Apart from the pictures, every line below needs to be reproduced verbatim.

*** Dataset ***

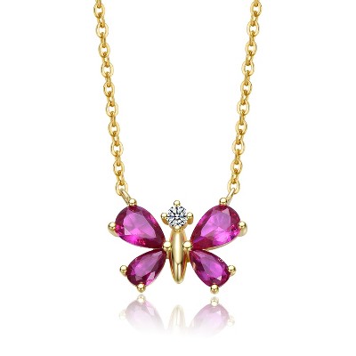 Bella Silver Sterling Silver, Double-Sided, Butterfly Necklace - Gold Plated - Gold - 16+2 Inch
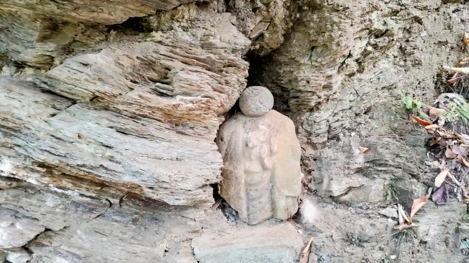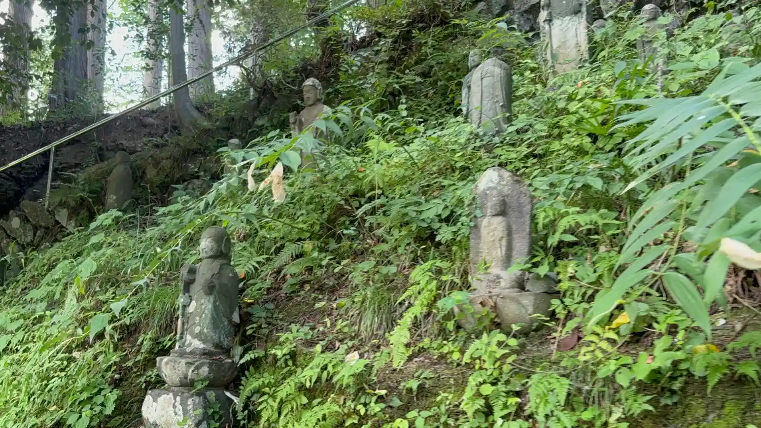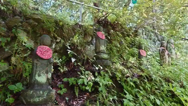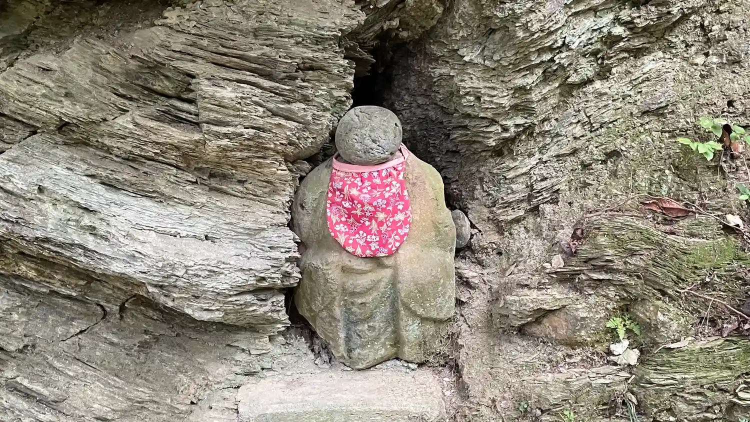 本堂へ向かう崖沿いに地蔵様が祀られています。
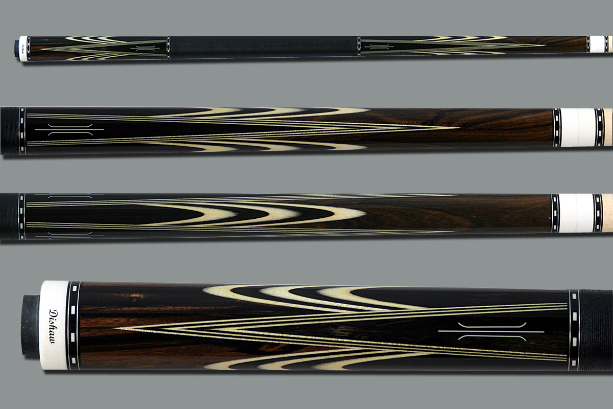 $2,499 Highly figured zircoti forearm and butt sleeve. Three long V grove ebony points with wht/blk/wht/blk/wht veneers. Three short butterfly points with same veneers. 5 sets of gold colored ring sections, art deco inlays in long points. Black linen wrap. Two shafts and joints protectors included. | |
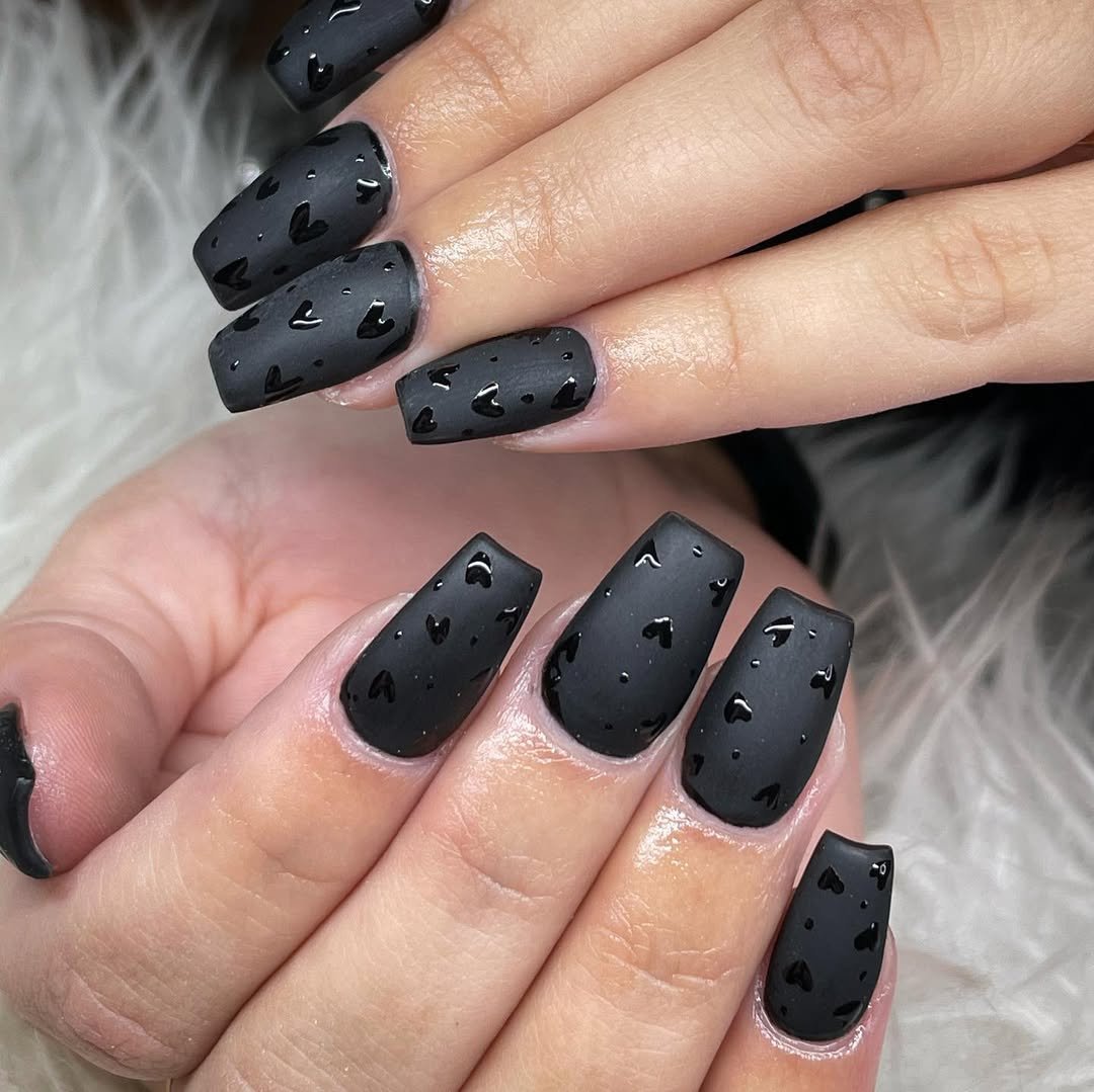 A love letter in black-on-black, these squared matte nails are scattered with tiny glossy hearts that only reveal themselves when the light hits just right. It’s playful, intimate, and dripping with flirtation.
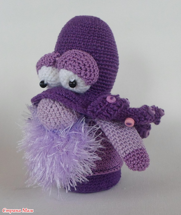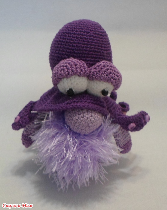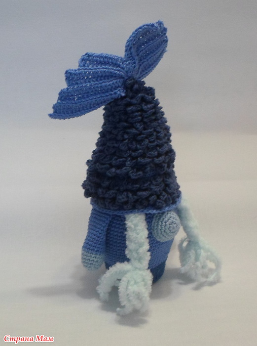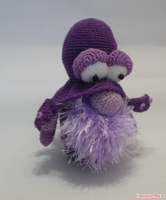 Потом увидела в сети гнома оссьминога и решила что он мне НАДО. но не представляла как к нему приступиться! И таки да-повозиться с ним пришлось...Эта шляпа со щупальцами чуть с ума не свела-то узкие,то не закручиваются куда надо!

*** End of Dataset ***

• Written answer:
 Bella Silver Sterling Silver, Double-Sided, Butterfly Necklace - Gold Plated - Gold - 16+2 Inch
 本堂へ向かう崖沿いに地蔵様が祀られています。
 $2,499 Highly figured zircoti forearm and butt sleeve. Three long V grove ebony points with wht/blk/wht/blk/wht veneers. Three short butterfly points with same veneers. 5 sets of gold colored ring sections, art deco inlays in long points. Black linen wrap. Two shafts and joints protectors included. | |
 A love letter in black-on-black, these squared matte nails are scattered with tiny glossy hearts that only reveal themselves when the light hits just right. It’s playful, intimate, and dripping with flirtation.
 Потом увидела в сети гнома оссьминога и решила что он мне НАДО. но не представляла как к нему приступиться! И таки да-повозиться с ним пришлось...Эта шляпа со щупальцами чуть с ума не свела-то узкие,то не закручиваются куда надо!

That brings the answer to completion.